Indigo had been certain that there were people here, even though the island had been evacuated decades ago because it was too expensive to include it in the Border Defense System. Rachel wondered what effect Korusal’s bombs, dropped all those years ago, had on Salishan. Were there animals here like there were Away? Savage baerns, capable of ripping a person apart? If there were people, did they have strange gifts like the Others, who had barely survived when Away was hit?
They moved slowly into the copse, eyeing the distorted branches, twisted by the sea winds until they resembled outstretched arms clutching for whatever came into range. Pathik took the lead, and this time Rachel let him without protest. They made their way across ground cushioned by years of dead needles, through which no undergrowth could grow. It was a change from the forests Away, where the undergrowth made travel more difficult. This was almost like walking through a park, somewhere on the Unified State’s side of the Line.
There were no signs of people—not at first. There was just the oddly silent copse, deeply carpeted with needles from the twisted trees. They moved slowly, cautiously, uncertain of what might be just ahead, just out of sight. When Pathik stopped, Rachel, who had been checking behind them, ran right into him.
“Your trekking skills still need some work.” Pathik grinned.
“I can’t help it if you decide to stop for no reason, with no warning.” Rachel didn’t feel as irritated as she sometimes did with Pathik; the fact that she could have lost him last night in the sea was still with her. She didn’t know if she could ever forget his cold, lifeless body on the beach, how frantic she’d felt when she realized he wasn’t breathing.
They kept walking, stopping now and then to let Pathik sniff, listening carefully for any sounds that might betray someone’s—or some
thing’s
—approach. Rachel couldn’t see anything but the twisted trees ahead. When she looked behind them again, she couldn’t see the beach anymore. They’d gone further than they planned. She was just about to say something to Pathik when he stopped, held his hand up without looking back at her.
She stopped too, and waited, silent. But when he said nothing, she walked up to his side. He was looking ahead, down at the ground.
“What—” Rachel stopped talking when she saw what Pathik was staring at.
It was definitely blood. Blood on a path—a
manmade
path—of flat stones. The needles had been cleared here and the stones were set into the sand.

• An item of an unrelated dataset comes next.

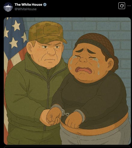 Speaking of gross and dehumanizing. The official account for the White Supremacy House is posting cartooned images of people they are abusing.

Rachel and Pathik stood studying the stain. It was fresh, but it had begun to dry in the morning sun, leaving a burnt brown glaze on the flat stones that formed the path.
“Seems like a lot,” said Pathik.
Rachel nodded. Then she noticed something along the edge of the blood stain—something that made her feel sick. “Look, Pathik.”
It was a smudged foot print—a
paw
print. Rachel hoped she was wrong, but Pathik’s whisper confirmed her fears.
“Nipper.” Woolly prints were unique enough that Pathik had no doubts.
Rachel heard the pain in his voice and knew he was thinking of Nandy. When they agreed to seek refuge on Salishan, the hardest part for Nandy had been leaving Nipper behind. She’d raised the Woolly from a cub and grown to love him, but she knew the journey would be dangerous. Nipper had other ideas, though. He’d made his own decision on the day they left Away, by hopping into the boat they would use to get to the island and refusing to get out.